> **Action item**
Retype exactly what runs from the first line of the data to the line with "Water pipe with", keeping both of those lines and skipping pictures.

--- Exercise data Enclosed Below ---

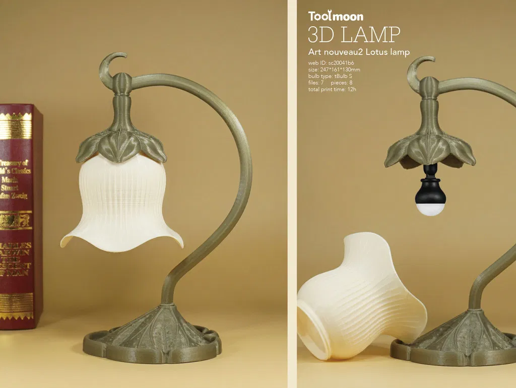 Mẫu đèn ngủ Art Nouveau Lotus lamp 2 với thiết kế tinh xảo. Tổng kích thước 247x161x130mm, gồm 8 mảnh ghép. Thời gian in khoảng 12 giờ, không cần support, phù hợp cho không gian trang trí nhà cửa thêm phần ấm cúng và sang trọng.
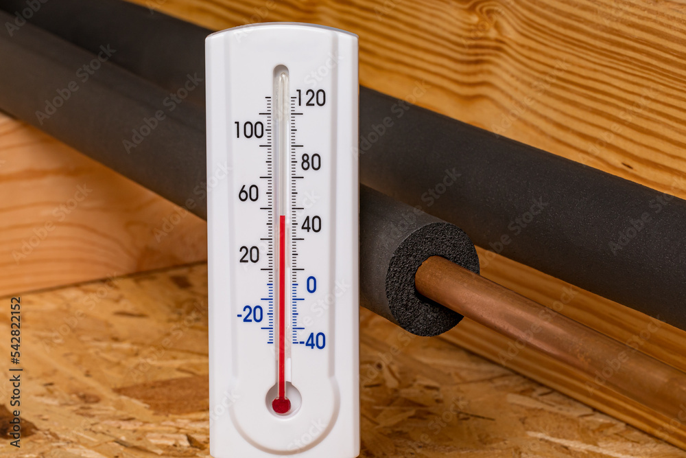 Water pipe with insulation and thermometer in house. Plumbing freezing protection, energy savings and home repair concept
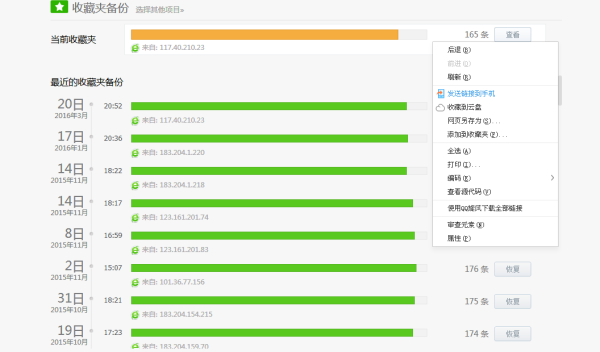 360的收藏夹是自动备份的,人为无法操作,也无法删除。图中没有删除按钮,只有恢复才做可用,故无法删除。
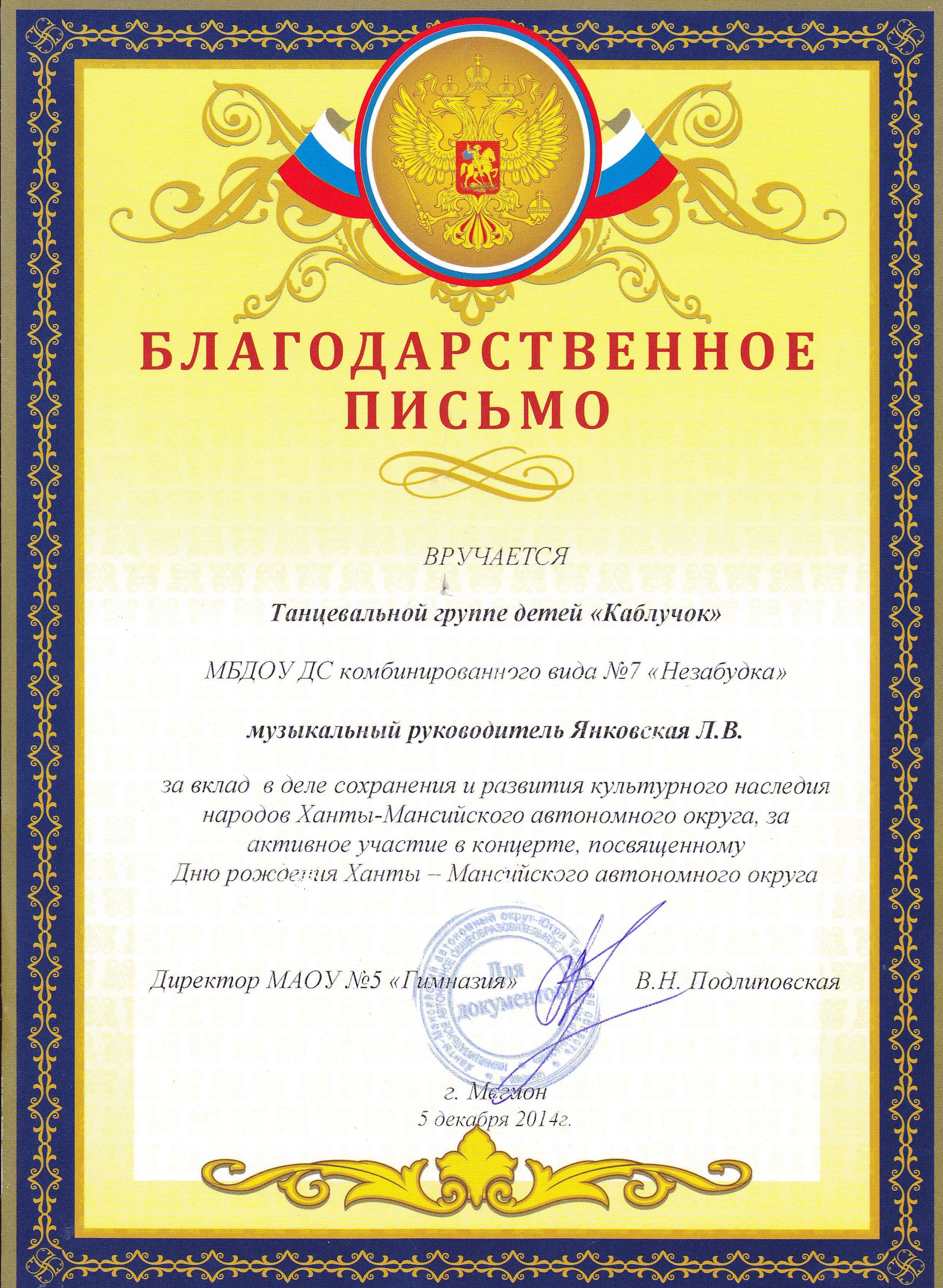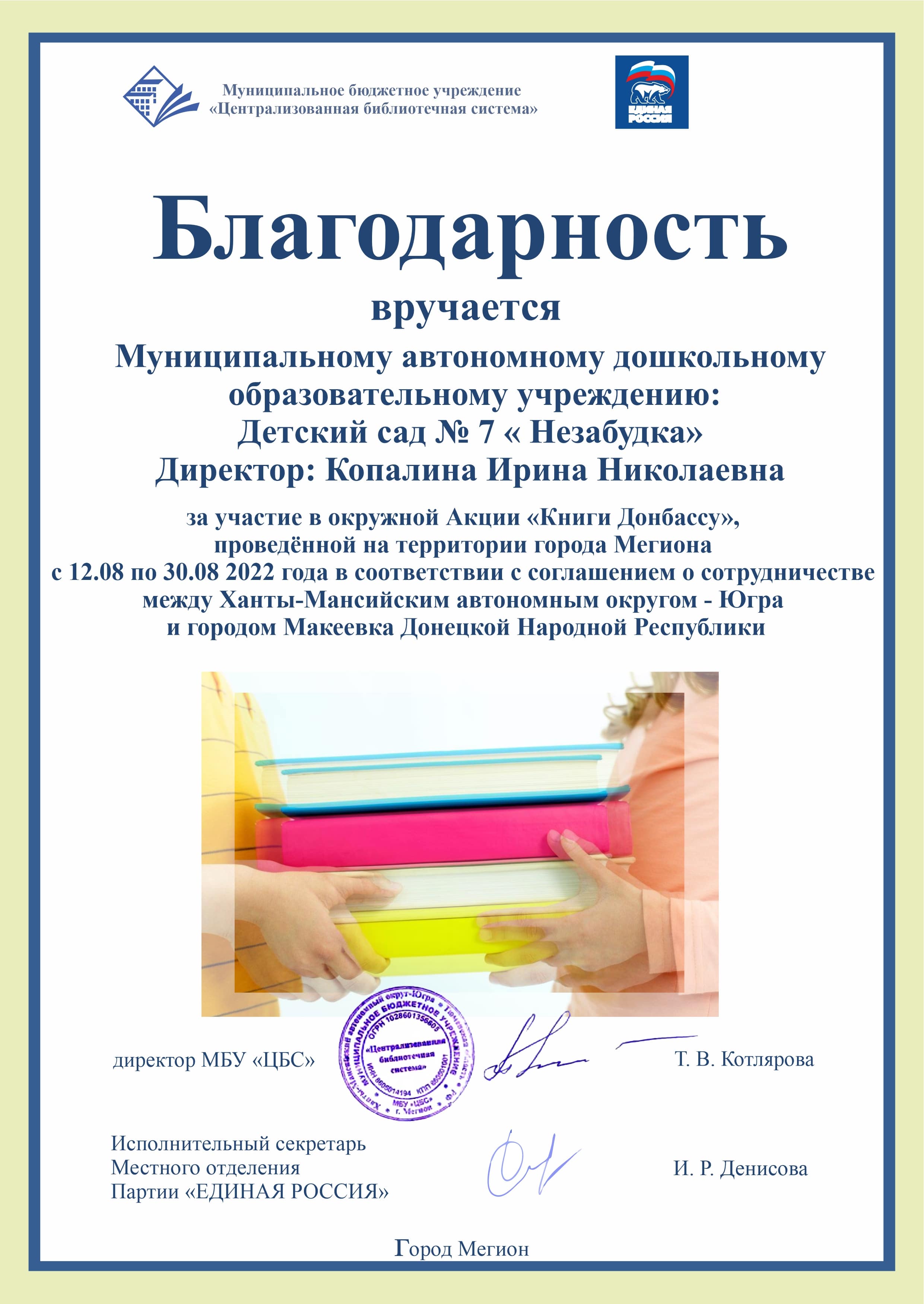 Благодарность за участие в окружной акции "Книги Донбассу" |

--- End of Enclosed Exercise data ---

> **The answer**
 Mẫu đèn ngủ Art Nouveau Lotus lamp 2 với thiết kế tinh xảo. Tổng kích thước 247x161x130mm, gồm 8 mảnh ghép. Thời gian in khoảng 12 giờ, không cần support, phù hợp cho không gian trang trí nhà cửa thêm phần ấm cúng và sang trọng.
 Water pipe with insulation and thermometer in house. Plumbing freezing protection, energy savings and home repair concept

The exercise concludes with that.